● **ABOUT THIS EXERCISE**
Exact copy without images: repeat every entry as written.

● **DATA LISTING**
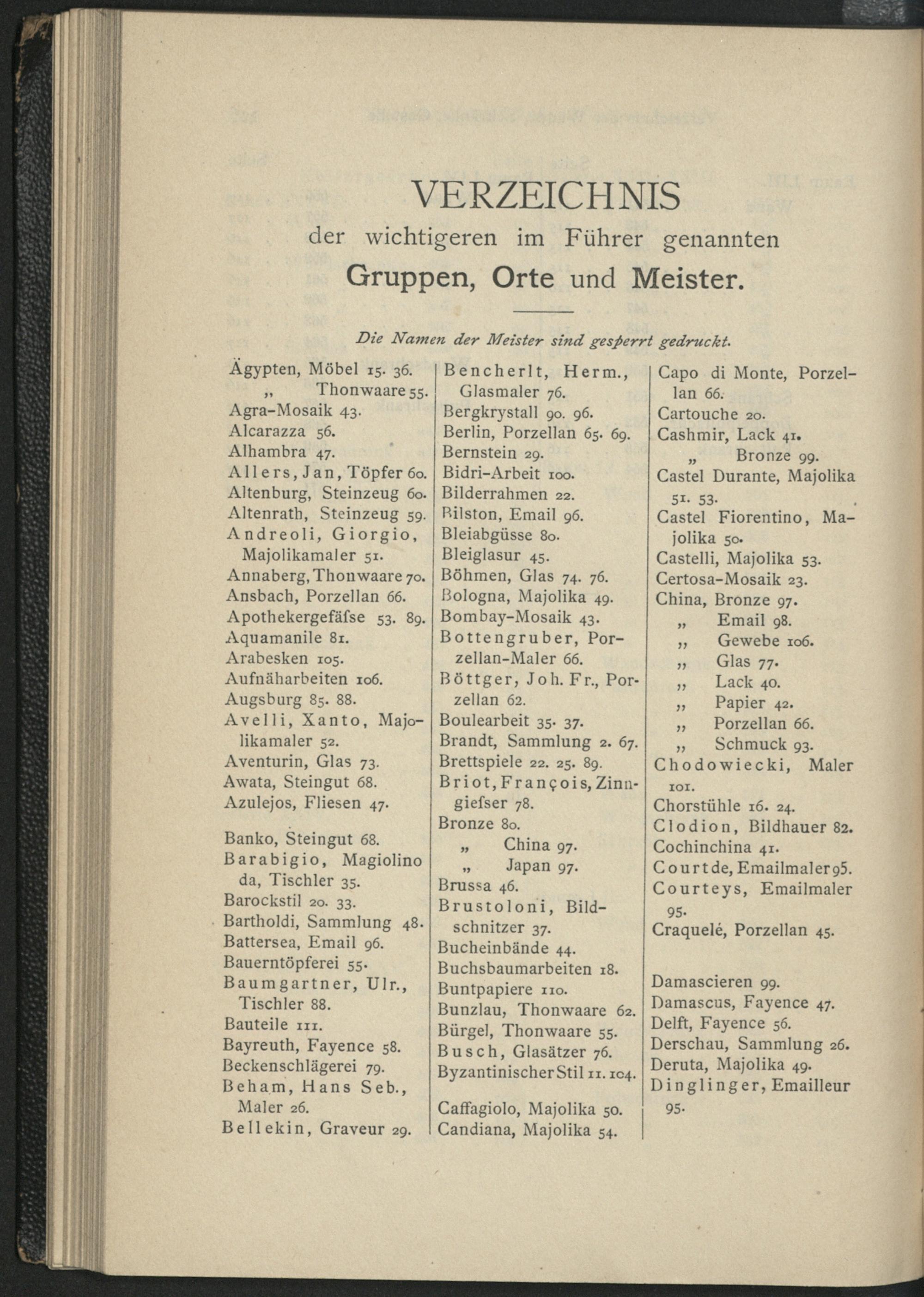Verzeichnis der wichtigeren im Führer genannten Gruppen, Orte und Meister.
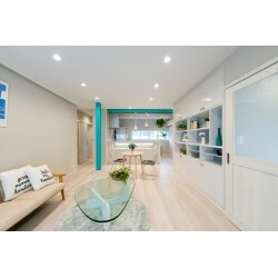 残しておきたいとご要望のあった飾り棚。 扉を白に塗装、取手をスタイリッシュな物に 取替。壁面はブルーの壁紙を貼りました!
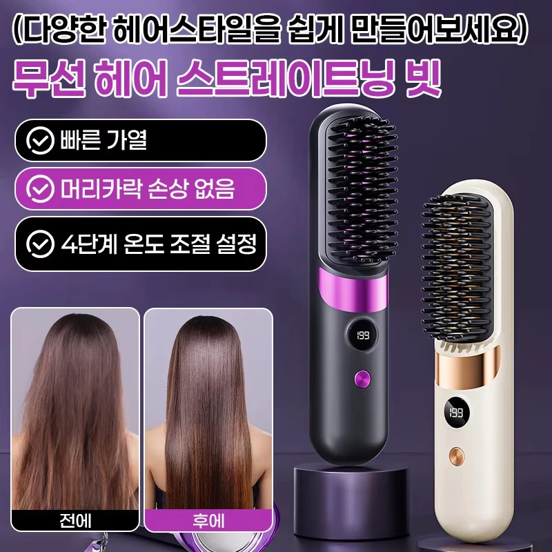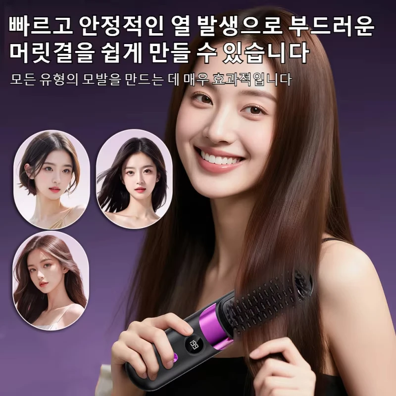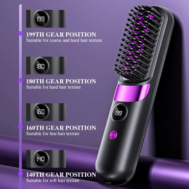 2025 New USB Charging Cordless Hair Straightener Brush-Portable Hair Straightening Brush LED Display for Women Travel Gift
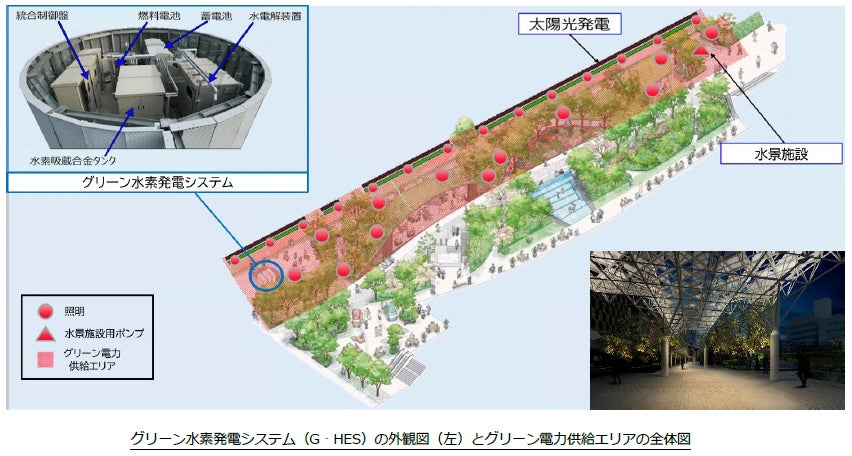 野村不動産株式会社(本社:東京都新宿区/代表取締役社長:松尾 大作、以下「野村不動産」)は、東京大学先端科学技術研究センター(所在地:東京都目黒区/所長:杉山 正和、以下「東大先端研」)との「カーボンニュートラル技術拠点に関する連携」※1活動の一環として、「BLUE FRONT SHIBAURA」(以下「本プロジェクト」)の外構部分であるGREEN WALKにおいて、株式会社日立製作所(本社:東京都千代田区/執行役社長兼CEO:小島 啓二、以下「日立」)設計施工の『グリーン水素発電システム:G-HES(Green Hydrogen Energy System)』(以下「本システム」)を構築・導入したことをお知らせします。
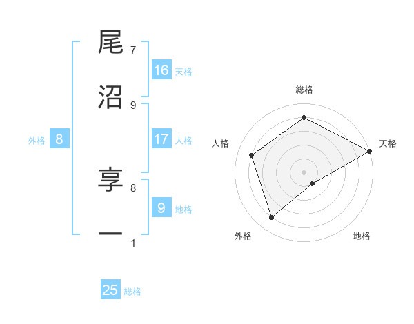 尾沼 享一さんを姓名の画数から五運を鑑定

● **COMPLETED TASK**
Verzeichnis der wichtigeren im Führer genannten Gruppen, Orte und Meister.
 残しておきたいとご要望のあった飾り棚。 扉を白に塗装、取手をスタイリッシュな物に 取替。壁面はブルーの壁紙を貼りました!
 2025 New USB Charging Cordless Hair Straightener Brush-Portable Hair Straightening Brush LED Display for Women Travel Gift
 野村不動産株式会社(本社:東京都新宿区/代表取締役社長:松尾 大作、以下「野村不動産」)は、東京大学先端科学技術研究センター(所在地:東京都目黒区/所長:杉山 正和、以下「東大先端研」)との「カーボンニュートラル技術拠点に関する連携」※1活動の一環として、「BLUE FRONT SHIBAURA」(以下「本プロジェクト」)の外構部分であるGREEN WALKにおいて、株式会社日立製作所(本社:東京都千代田区/執行役社長兼CEO:小島 啓二、以下「日立」)設計施工の『グリーン水素発電システム:G-HES(Green Hydrogen Energy System)』(以下「本システム」)を構築・導入したことをお知らせします。
 尾沼 享一さんを姓名の画数から五運を鑑定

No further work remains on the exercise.